• **Activity**
The material below has pictures in it. Set down only the lines from the line containing "gia liên hoan." through the line containing "a basket of", word for word, and leave the pictures behind.

• **Input data**
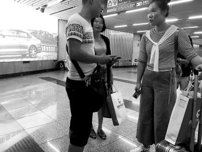 在站外收卡的人不止該男子一人,欄桿附近約有七八個(gè)人,其中還有兩名女子。有兩名拖著行李的女子走向地鐵進(jìn)站口,一名穿短袖的男子擋在兩人前方問是否要退卡,其中一名女子掏出幾張卡問他:“卡里還有余額。”“我能幫你查余額!蹦凶犹统鍪謾C(jī),將卡放在手機(jī)背后,點(diǎn)了幾下屏幕!翱ɡ锸A31元錢,加上押金20元,我一共給你41元吧?”另外一名女子說:“你少收點(diǎn)吧?”該男子說:“少收你兩塊吧,成不成?”女子點(diǎn)頭,于是男子掏錢,女子將卡給他。每一名收卡人收取的費(fèi)用不等,其中有一名女子向乘客收15元的費(fèi)用。
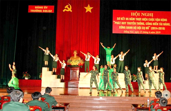 Tiết mục “Bài ca Lục quân 2-Hát mãi khúc quân hành” của Trường SQLQ2 dàn dựng tham gia liên hoan.
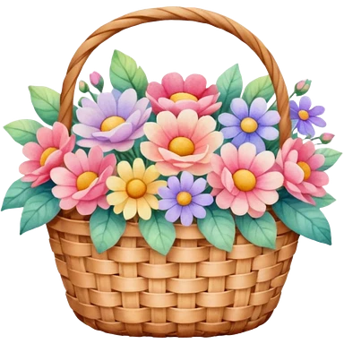 a basket of flowers, dreamy lighting, soft painterly textures, whimsical and nostalgic, watercolor style emoji
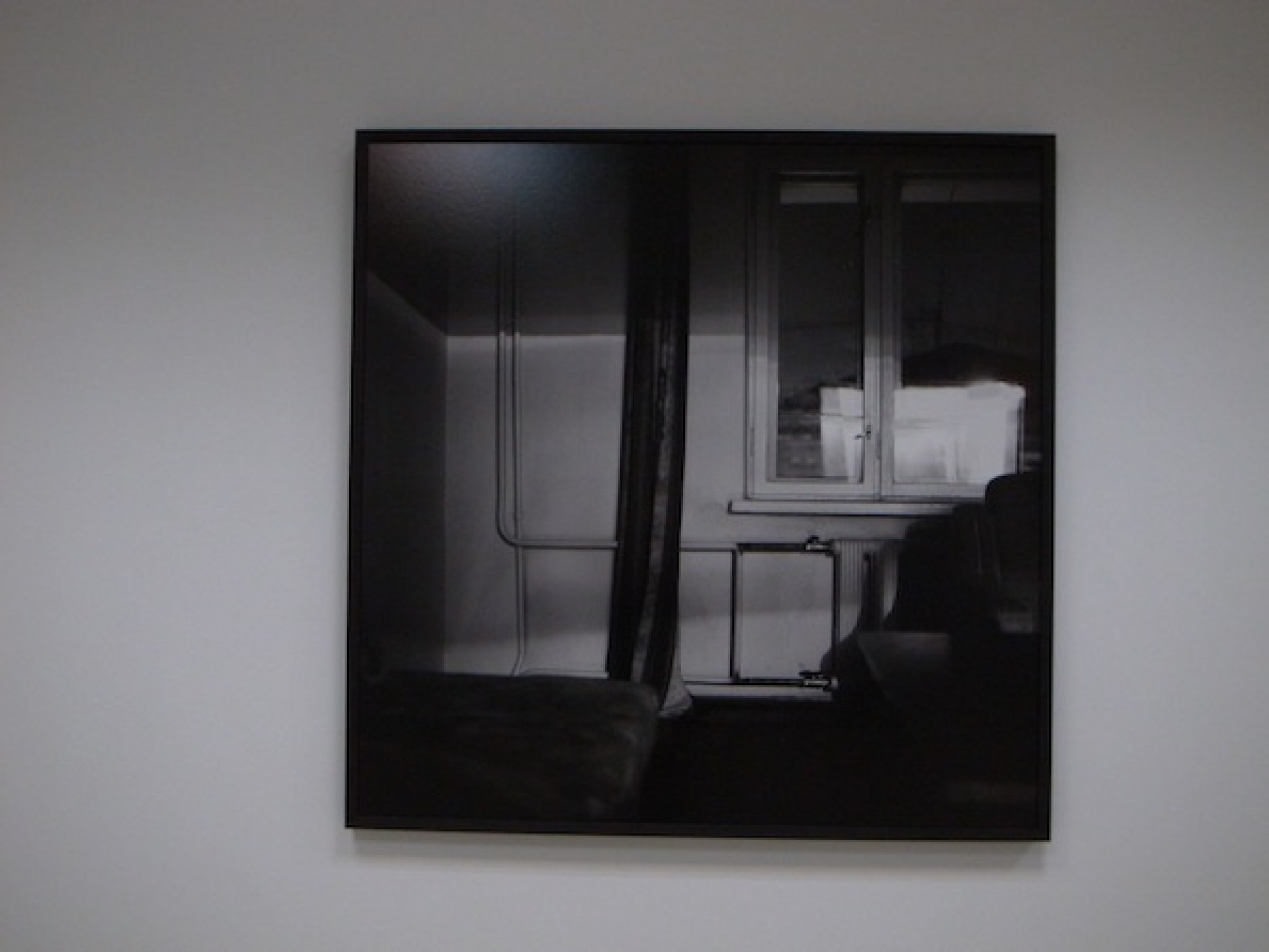 Ine fotografeerde het appartement in het donker, op de tast. Het licht komt van buiten, van de sterren, de straatlantaarns. Een groot diafragma. De foto zuigt koortsig het beetje licht in zich op. Ine Lamers beeldde zich in dat ze een rechercheur van de geheime dienst was en op zoek naar verboden zaken.

• **Output of the exercise**
 Tiết mục “Bài ca Lục quân 2-Hát mãi khúc quân hành” của Trường SQLQ2 dàn dựng tham gia liên hoan.
 a basket of flowers, dreamy lighting, soft painterly textures, whimsical and nostalgic, watercolor style emoji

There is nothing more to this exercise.